Currency ripples felt by China's trading partners

By Chen Jia
Currency ripples felt by China's trading partners
Yuan banknotes and US dollars are seen on a table in Yichang, central China's Hubei province on August 14, 2015. (Photo / AFP)

Shock waves from the decision to devalue the yuan against the US dollar earlier this month have reverberated across Asia.

Emerging economies fear that their exports will be hit as well as an increase in capital outflows, according to economists.

In the past two weeks, the ripple effect has triggered volatility in Asian markets as trading partners worry a cheaper yuan will raise global demand for "Made in China" products and slow growth in their countries.

Last Friday, the People's Bank of China, or central bank, raised the currency's value to 6.3864 yuan against the US dollar from a four-year low of 6.4010 on Aug 13.

During the three-day fall since Aug 11, the yuan depreciated by more than 3 percent against the green back as the PBOC introduced a new rate regime.

"The depreciation so far has been fairly small on an effective exchange rate basis given the lock-step depreciation in trading partner currencies," Joseph Incalcaterra, an economist at the HSBC Bank, one of the world's leading lenders, said. "But uncertainty surrounding the yuan's foreign exchange policy is high.

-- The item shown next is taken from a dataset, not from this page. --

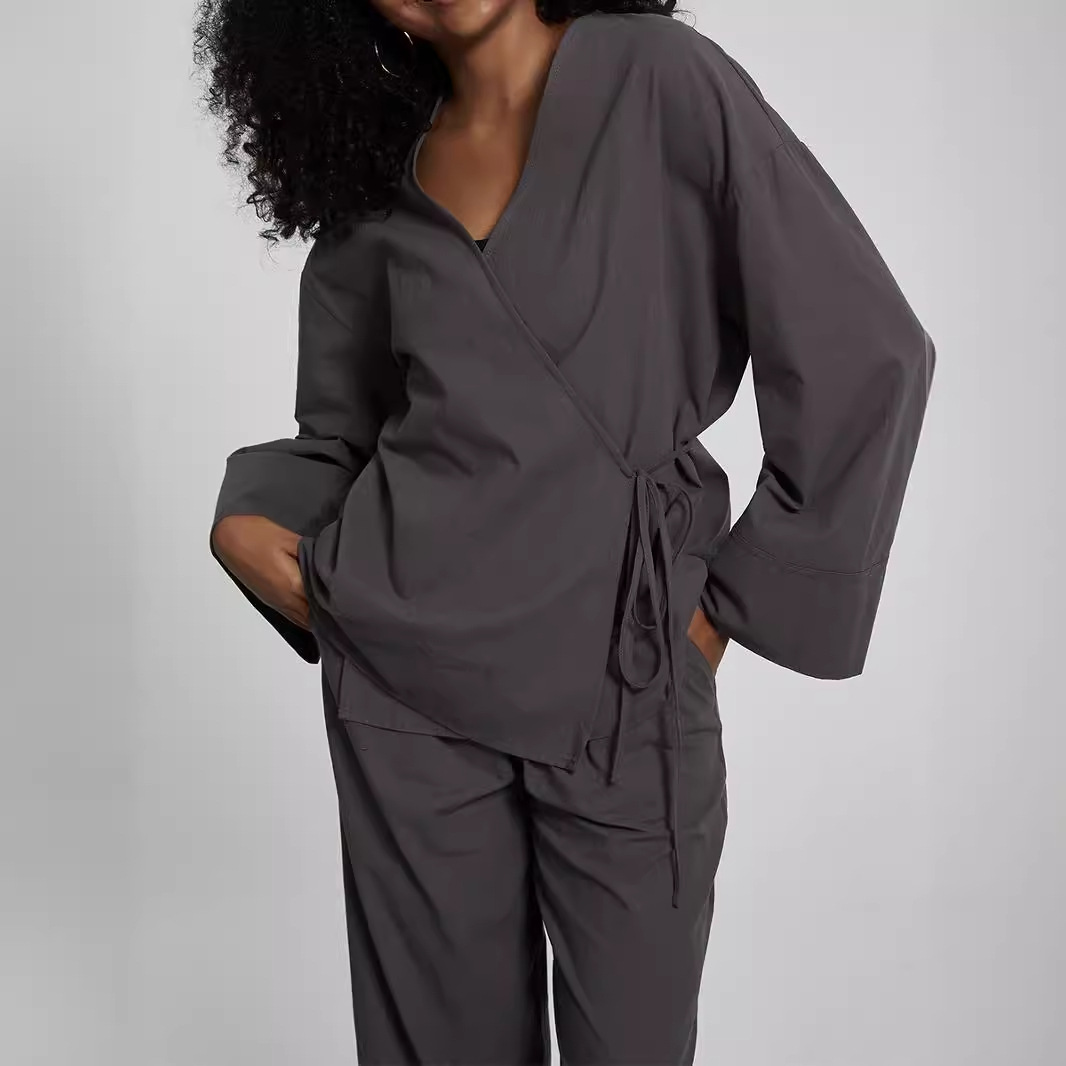 クロスボーダーの女性服の卸売欧米風のゆったりした雰囲気のファッションスーツの質感の双襟と服式のコートのズボンの秋

"Several central banks have voiced concerns about the impact of the move on export competitiveness, especially those that compete more directly with China in the global export markets," he added.

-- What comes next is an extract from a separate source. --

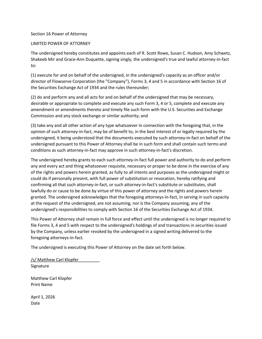 Section 16 Power of Attorney LIMITED POWER OF ATTORNEY The undersigned hereby constitutes and appoints each of R. Scott Rowe, Susan C. Hudson, Amy Schwetz, Shakeeb Mir and Grace-Ann Duquette, signing singly, the undersigned's true and lawful attorney-in-fact to: (1) execute for and on behalf of the undersigned, in the undersigned's capacity as an officer and/or director of Flowserve Corporation (the "Company"), Forms 3, 4 and 5 in accordance with Section 16 of the Securities Exchange Act of 1934 and the rules thereunder; (2) do and perform any and all acts for and on behalf of the undersigned that may be necessary, desirable or appropriate to complete and execute any such Form 3, 4 or 5, complete and execute any amendment or amendments thereto and timely file such form with the U.S. Securities and Exchange Commission and any stock exchange or similar authority; and (3) take any and all other action of any type whatsoever in connection with the foregoing that, in the opinion of such attorney-in-fact, may be of benefit to, in the best interest of or legally required by the undersigned, it being understood that the documents executed by such attorney-in-fact on behalf of the undersigned pursuant to this Power of Attorney shall be in such form and shall contain such terms and conditions as such attorney-in-fact may approve in such attorney-in-fact's discretion. The undersigned hereby grants to each such attorney-in-fact full power and authority to do and perform any and every act and thing whatsoever requisite, necessary or proper to be done in the exercise of any of the rights and powers herein granted, as fully to all intents and purposes as the undersigned might or could do if personally present, with full power of substitution or revocation, hereby ratifying and confirming all that such attorney-in-fact, or such attorney-in-fact's substitute or substitutes, shall lawfully do or cause to be done by virtue of this power of attorney and the rights and powers herein granted. The undersigned acknowledges that the foregoing attorneys-in-fact, in serving in such capacity at the request of the undersigned, are not assuming, nor is the Company assuming, any of the undersigned's responsibilities to comply with Section 16 of the Securities Exchange Act of 1934. This Power of Attorney shall remain in full force and effect until the undersigned is no longer required to file Forms 3, 4 and 5 with respect to the undersigned's holdings of and transactions in securities issued by the Company, unless earlier revoked by the undersigned in a signed writing delivered to the foregoing attorneys-in-fact. The undersigned is executing this Power of Attorney on the date set forth below. /s/ Matthew Carl Klopfer_________ Signature Matthew Carl Klopfer Print Name April 1, 2026 Date

As the weakened yuan has largely increased the cost of exports from developing countries, a round of competitive currency devaluations has already started.

Vietnam's central bank, the State Bank of Vietnam, widened the Vietnamese dong's trading band in two separate moves last week to 3 percent around its daily fixing from 1 percent. By doing that, it effectively devaluated the dong by 1 percent.

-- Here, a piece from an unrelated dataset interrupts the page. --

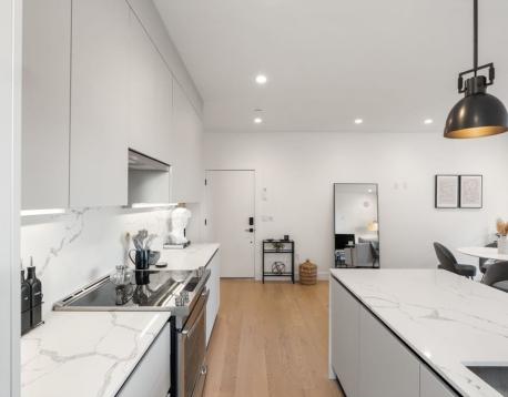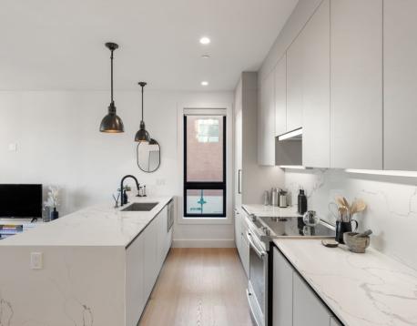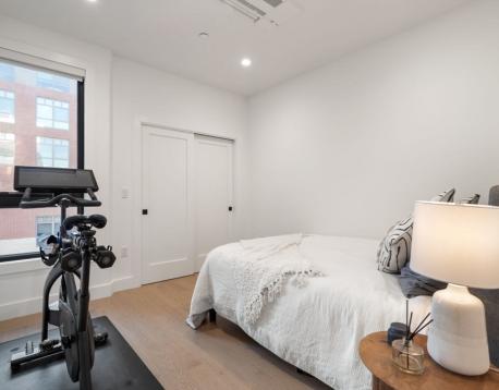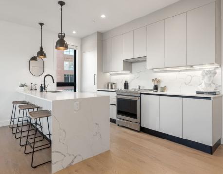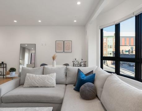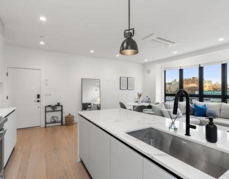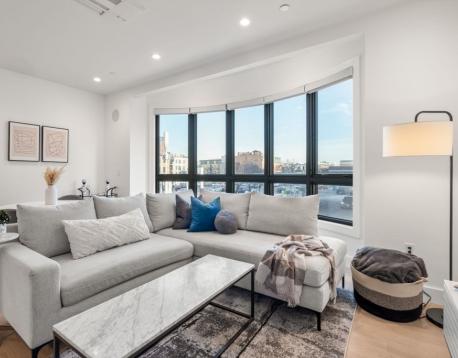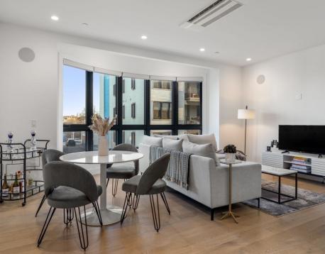 Enjoy luxury condo living at 75 on West. This impressive 2 bed residence was built in 2020 with striking architecture & high-end finishes. The complex is perched above Reunion Cafe at the corner of A St & W Broadway -- one of Southie's most prominent & bustling corners. Ideally located for city-dwellers, just one block from the Broadway T Stop & multiple highways with ease to Seaport, South End & Downtown. Floor-to-ceiling curved windows fill the space with natural light and showcase sweeping neighborhood views. The thoughtfully tailored open kitchen features custom cabinetry, under-cabinet lighting, waterfall quartz countertops & stainless steel appliances. The spa-like bath include sleek tiled shower, frameless glass enclosure, floating double vanity, and matte black fixtures. Building amenities include an elevator, shared gym, deeded storage & off-site garage parking. Additional features include keyless entry, intercom, surround sound, ductless mini splits & in unit w/d.

Thi Hong, the bank's deputy governor, called the move a "more proactive and flexible way to cope with negative external factors".

In response to the PBOC's exchange rate decision, the Malaysian currency weakened beyond 4.00 ringgits against the US dollar on Aug 12. It slid to a 17-year low of 4.2200 to the green back on Aug 20.

Last Thursday, Kazakhstan abandoned tight control of the tenge and allowed it to depreciate by 22 percent against the US dollar.

The Thai baht also fell amid capital outflows after the yuan's devaluation.

Teck Leng Tan and Dominic Schnider, analysts from the Swiss financial giant UBS AG, have warned that the currencies slump in the region will continue to spill over into the global commodity markets. This will drag down prices and increase deflationary pressure.

Weak prices and market volatility could then see manufacturing activity contract in Asia as domestic demand cools in the months ahead, a report released by HSBC Bank revealed.

And if as expected, the US Federal Reserve decides to increase interest rates in the second half of this year, capital outflows from Asia are certain to pick up. This would pile more pressure on the region, economists said.